Given an array of integers temperatures represents the daily temperatures, return an array answer such that answer[i] is the number of days you have to wait after the ith day to get a warmer temperature. If there is no future day for which this is possible, keep answer[i] == 0 instead.

Sample Input

Input: temperatures = [73,74,75,71,69,72,76,73]
Output: [1,1,4,2,1,1,0,0]

Input: temperatures = [30,40,50,60]
Output: [1,1,1,0]

Input: temperatures = [30,60,90]
Output: [1,1,0]

Constraints

• 1 <= temperatures.length <= 10⁵
• 30 <= temperatures[i] <= 100

1. Given Solution #1

class Solution:
    def dailyTemperatures(self, temperatures: List[int]) -> List[int]:
        T = temperatures
        ans, stack = [0] * len(T), [] #init ans with 0

        #use enumerate to get index of list T
        for i, val in enumerate(T): 
            #repeat while stack exists & last val < now val
            while stack and T[stack[-1]] < val: 
                last_idx = stack.pop()
                ans[last_idx] = i - last_idx

            # index itself is stacked!!
            stack.append(i)

        return ans  

I was really surprised by this solution, since this answer gives me really fresh viewpoint. At first, I tried to solve this by stacking values. However, I didn’t consider the case when the values are duplicated like [60, 47, 47, 80]. I got index by T.index(val), but this doesn’t work well when there are two or more duplicated values in the list. That’s why I failed at the first try.

Why I felt so shocked with this answer, this stacks “index” instead of the value itself. I surely thought that put “values” to the stack and keep comparing values directly. As I mentioned above, this method can not handle duplicated-value case. But using index, index itself is always unique!! So we don’t need to worry duplicated case. Let’s analyze the codes briefly.

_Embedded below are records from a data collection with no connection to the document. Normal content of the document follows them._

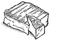 Cheeses such as Camembert, are cut like cakes. We must cut the cheese from the center, cutting two lines to the edge, to make a small, sharp triangular part.
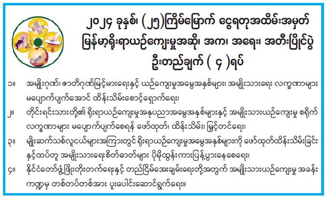 ၂၀၂၄ ခုနှစ်၊ (၂၅) ကြိမ်မြောက် ငွေရတုအထိမ်းအမှတ် မြန်မာ့ရိုးရာယဉ်ကျေးမှု အဆို၊ အက၊ အရေး၊ အတီးပြိုင်ပွဲ ဦးတည်ချက် (၄) ရပ် 08/26/2024
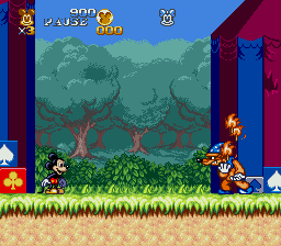 mickey circusThe Great Circus Mystery Starring Mickey and Minnie, voilà le titre du jeu, une horreur. Le jeu par contre n’est pas si horrible que son titre. On dirige Minnie ou Mickey voire les deux si on joue à deux. Minnie et Mickey devront retrouver leurs amis du cirque enlevés par Pat Hibulaire. Nous sommes devant un jeu de plate-forme qui à première vue semble destiné aux enfants, mais la jouabilité ne me paraît pas vraiment adaptée à nos chères têtes blondes. Le fait de pouvoir changer de tenue est intéressant, même si certaines tenues ne sont pas forcément pratiques. Ce Mickey est un petit jeu de plate-forme honorable, mais qui ne fait pas le poids face aux excellents jeux Disney que propose la Megadrive.A ESSAYER
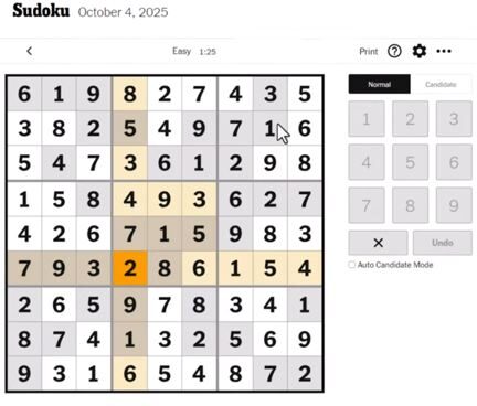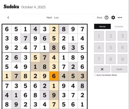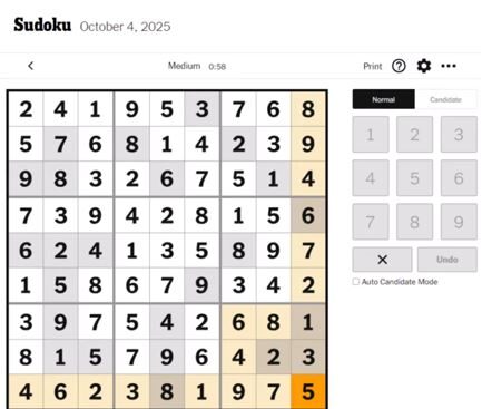 Normal and Candidate are the two NYT Sudoku modes. You can simply fill up the numbers that you are sure about in Normal mode. Whereas in Candidate mode, you can add and remove the probable options of the number that you feel will be the correct entry for an empty cell.
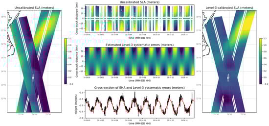 The uncalibrated error analysis shown in Section 2 was essential to validate the use of the calibration algorithms designed during the pre-launch studies [,]. Indeed, below 1000 km, the systematic errors are fairly below the requirements, so the calibration does not need to operate at these wavelengths, as expected. This is where the calibration would have been particularly challenging, with risks of absorbing natural ocean variability []. Therefore, in this band, there is no need to update any algorithm.
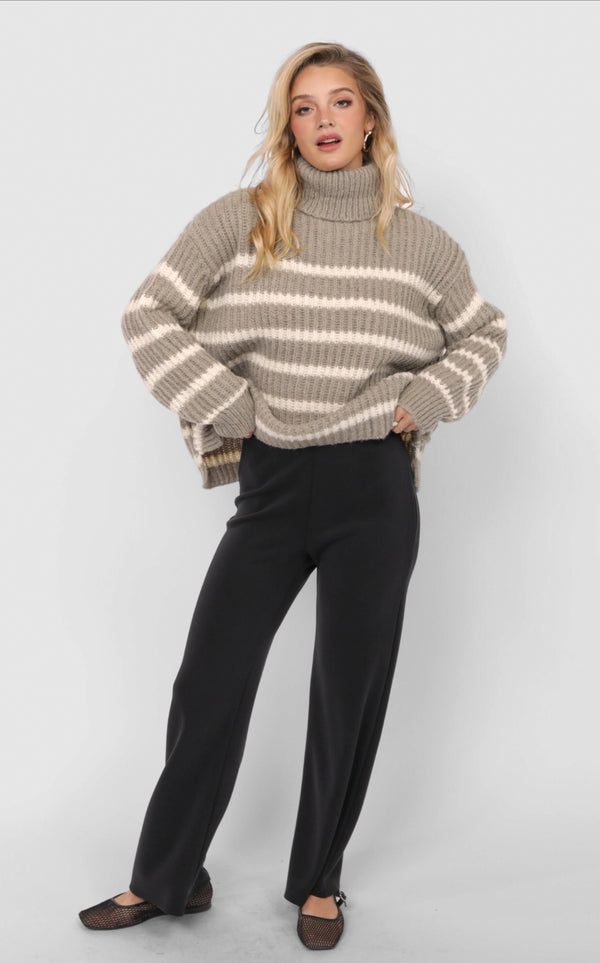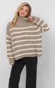 The Aki Turtleneck Striped Sweater features a classic horizontal stripe design and a cozy turtleneck, making it a must-have for cooler temperatures. The knit fabric not only adds texture but also provides warmth and comfort. With a stunning Moss & Ivory color combo, this sweater is the perfect combination of style and softness.
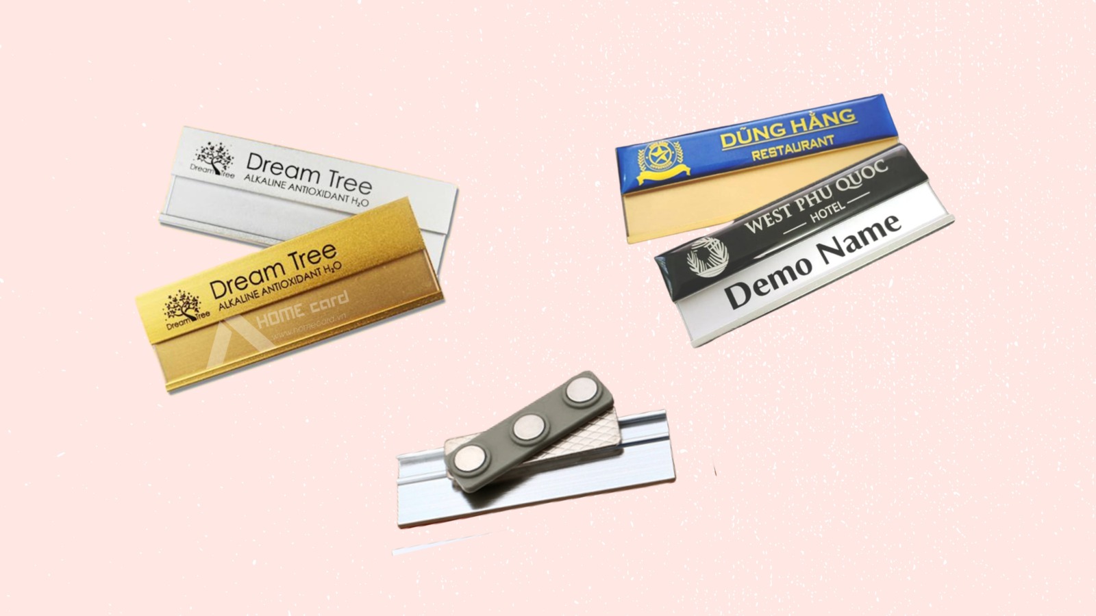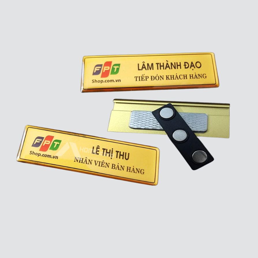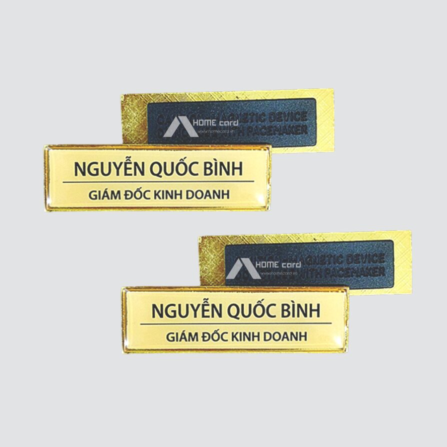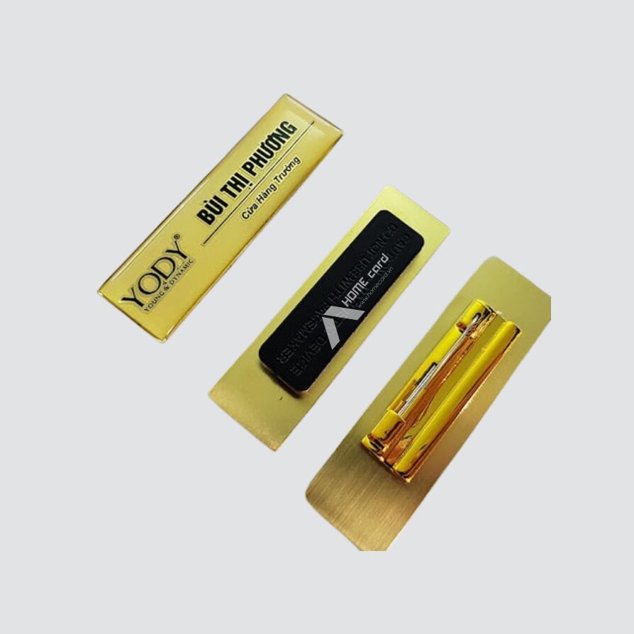 Thẻ bảng tên cài áo là loại thẻ nhỏ gọn, được thiết kế để gắn trực tiếp lên áo bằng ghim hoặc nam châm, giúp nhận diện nhân viên nhanh chóng và chuyên nghiệp. Thẻ thường được làm từ nhựa PVC hoặc mica, in rõ ràng tên, chức vụ và logo công ty. Đây là lựa chọn phổ biến trong các doanh nghiệp, nhà hàng, khách sạn nhằm tạo ấn tượng lịch sự và đồng nhất trong môi trường làm việc.
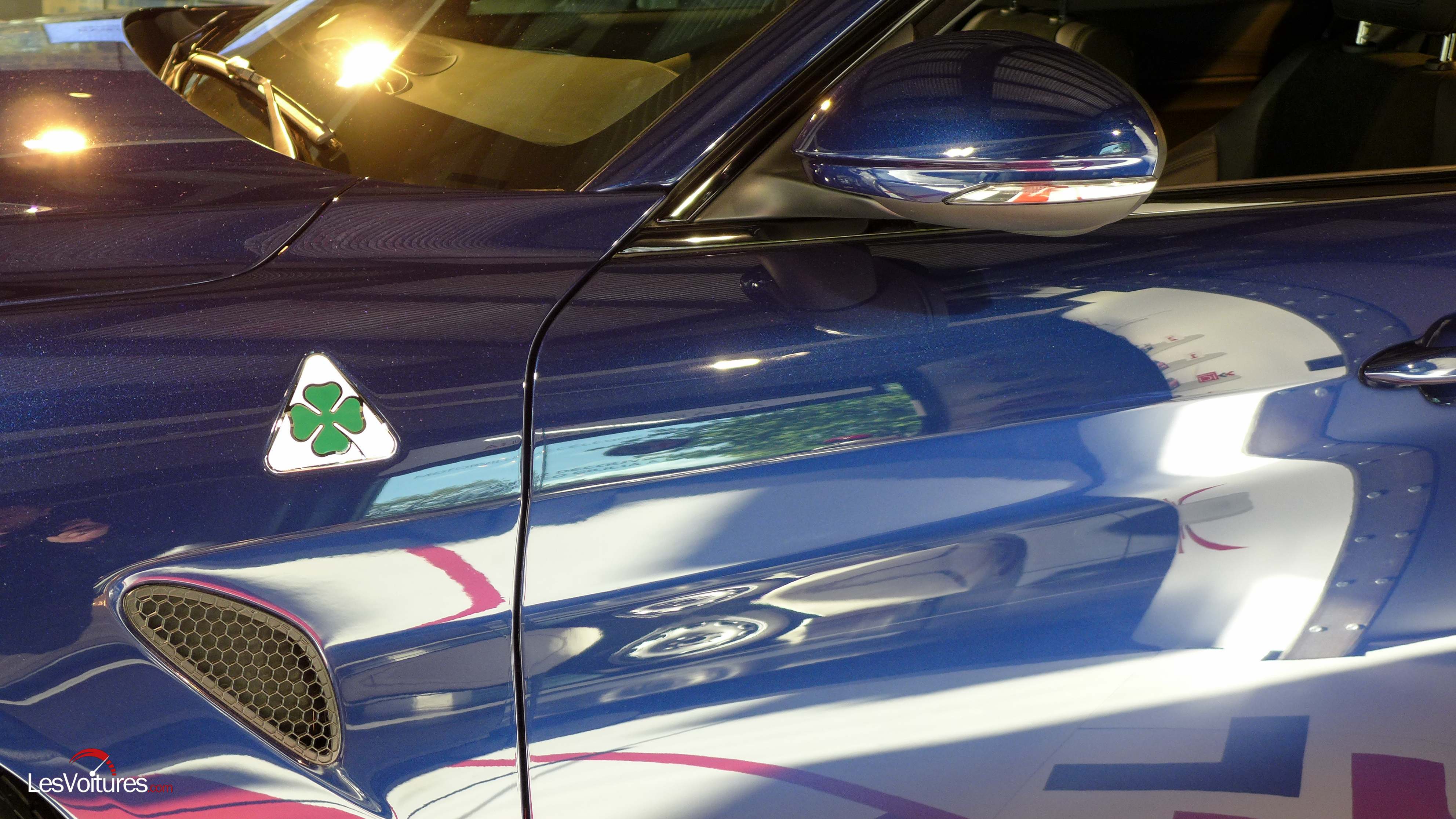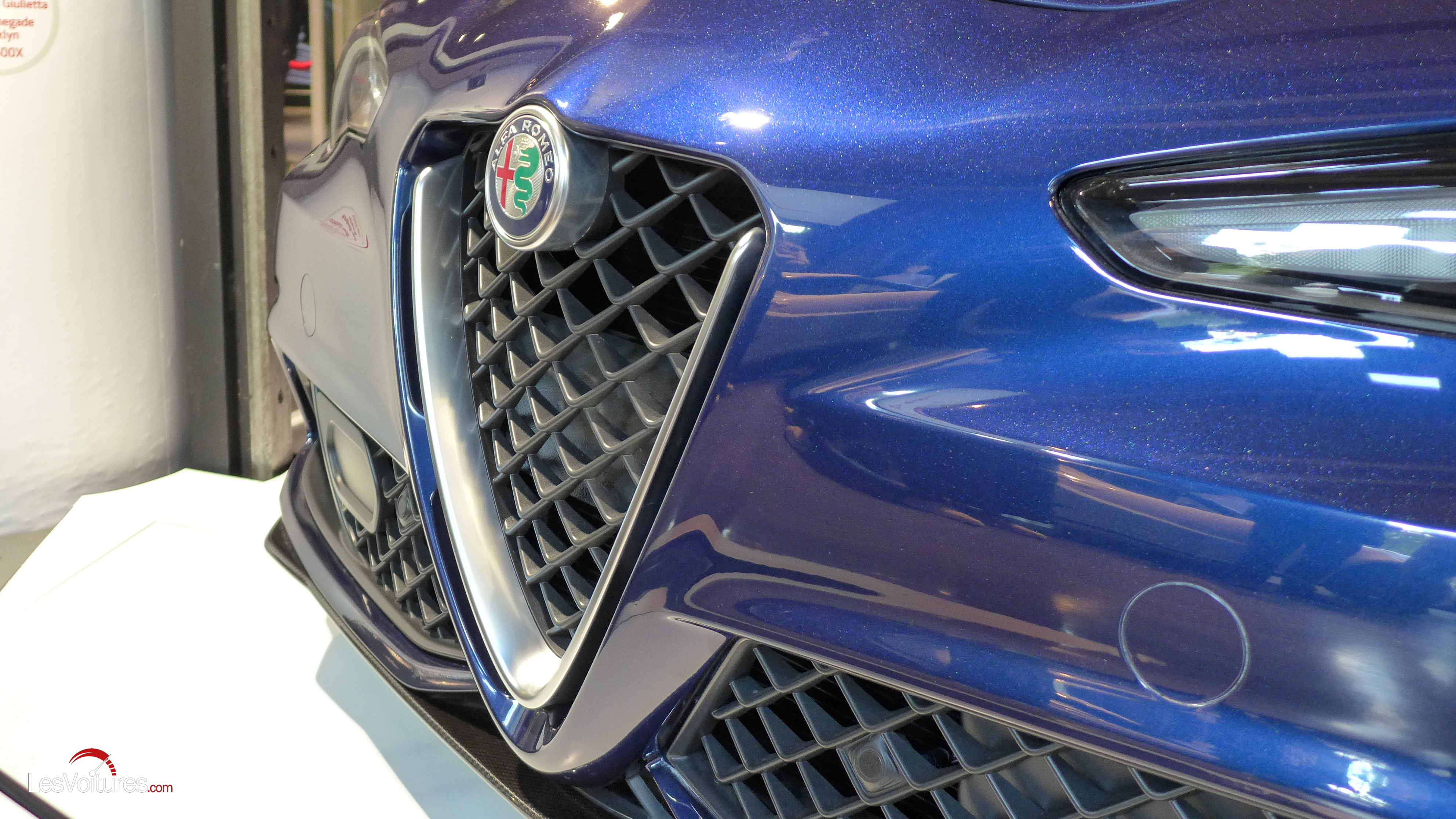 Forte de ses 510 ch issus du 6-cylindres développé par Ferrari, la Giulia Quadrifoglio Verde génère une attractivité irrésistible. Les clichés du MotorVillage Paris offrent une vision détaillée du travail réalisé sur l’aérodynamique du bolide.
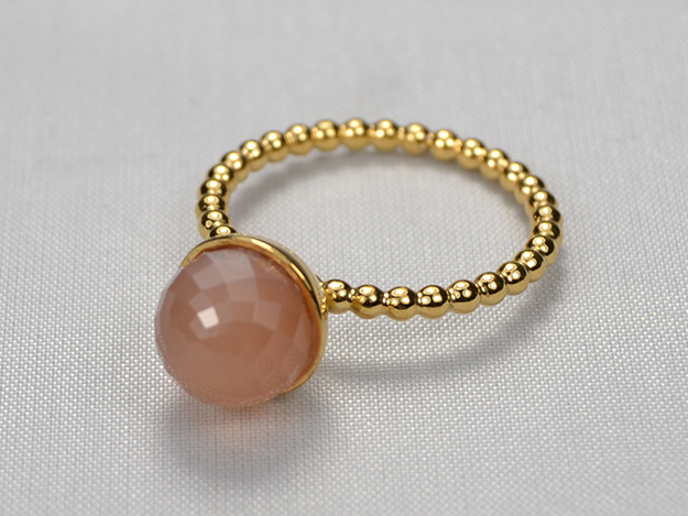 Perldrahtring in Silber, feingoldplattiert mit facettierter Mondsteinkugel, Durchmesser 7mm.
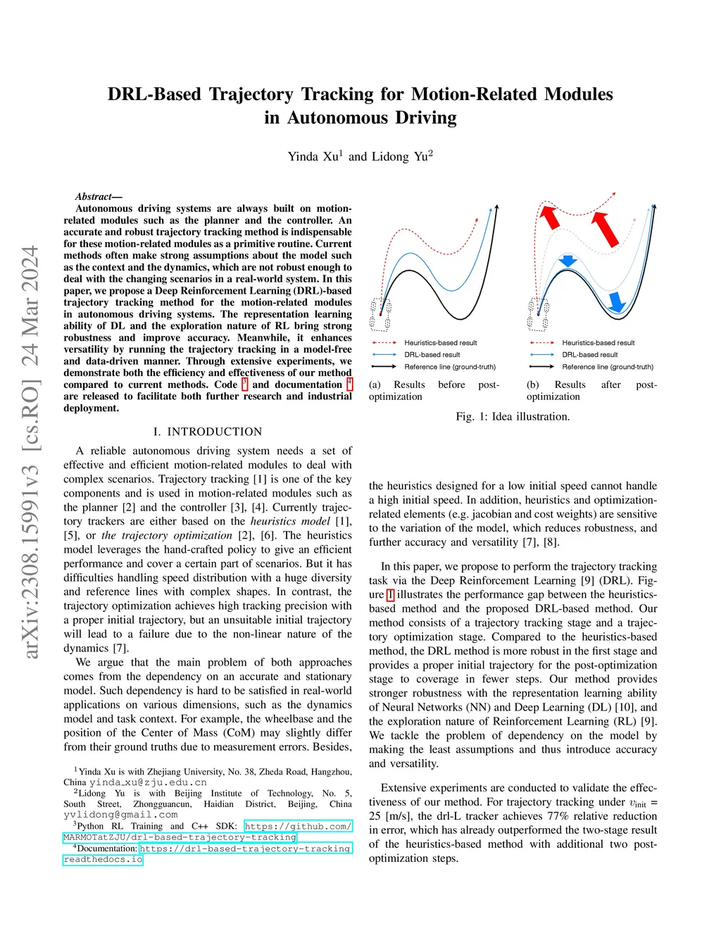 DRL-Based Trajectory Tracking for Motion-Related Modules in Autonomous

1. Use enumerate to get both value and index.
2. Use while loop to repeat. All stack elements that meet the condition should pop out and assign distance(current index(=i) - the index of the poped-out element(=stack.pop())) to the list, “ans”.
3. Append current index, i to the stack.

Overall Review

What I earned from this problem is that stack is not only limited to the value, but we can also put ANYTHING to the stack that we can use. Never get stereotype that index itself is not that important. You can identify all the value with the index!